Tuesday, December 3, 2013

Herbs and Spices Make Great Salt Substitutes

It’s been a general rule of thumb; less salt = lower blood pressure. So, why is it so difficult to use less of it at the table and in cooking? My guess is that we’re afraid to miss out on flavor. So, to avoid salt without sacrificing flavor, I have listed some of my tried and true remedies for you to add to your pantry. However, don’t be afraid to experiment with making your own seasoning blends. Just be sure to share your favorite blends with me.

Chinese five-spice blend for chicken, fish, or pork
Combine ¼ cup ground ginger, 2 tablespoons ground cinnamon, 2 teaspoons ground cloves, and 1 tablespoon each ground allspice and anise seed.

Mexican blend for chili, enchiladas, and tacos
Combine ¼ cup chili powder; 1 tablespoon each ground cumin and onion powder; 1 teaspoon each dried oregano, garlic powder, and red pepper; and ½ teaspoon cinnamon.

Mixed herbs for salads, steamed vegetables, or fish
Combine ¼ cup dried parsley, 2 tablespoons dried tarragon, and 1 tablespoon each dried oregano, dill weed, and celery flakes.

Hidden salt
In this age of tricky consumer marketing, it is doubly important to always check the nutrition labels of prepackaged foods for the amount of sodium it contains. Salt is commonly added as a preserving or flavoring agent in frozen entrees, luncheon meats, canned vegetables, and even frozen chicken and turkey breasts. So be careful!

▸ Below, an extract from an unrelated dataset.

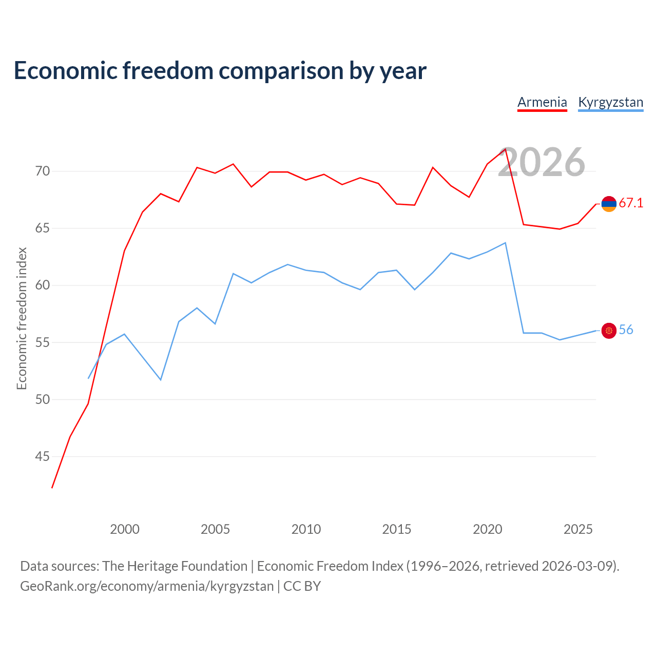 The Economic Freedom Index for Armenia is 67.1, ranking 58/197, compared to 56 for Kyrgyzstan, ranking 126/197. The chart above displays a comparison of annual changes in economic freedom indexes.

Condiments like soy sauce, ketchup, mustard, pickles, MSG (monosodium glutamate), and some prepared seasonings typically contain lots of salt. Not to mention that restaurant and fast foods are notorious for containing high levels of salt.

Sodium causes the body to retain fluid, and this fluid retention is a major contributor to high blood pressure. Excessive water also means excessive body weight and inflammation that can produce physical pain. Experts recommend adults over forty limit daily sodium levels to 2,300 milligrams per day — the equivalent of about 1 tsp. of table salt. However, a lower sodium level — 1,500 mg a day — is appropriate for people 51 years of age or older, and individuals of any age who have already developed hypertension, diabetes or chronic kidney disease.

I know this doesn’t seem like much salt to work with, but that's because we have become so accustomed to the flavor of excessive salt in our foods. Once your palate has had a hance to re-adapt, you will begin to enjoy the actual flavor of the foods you are eating and the combinations of seasonings that naturally enhance the dining experience.

Stay fit. Eat healthy, and Always – Enjoy Your Life.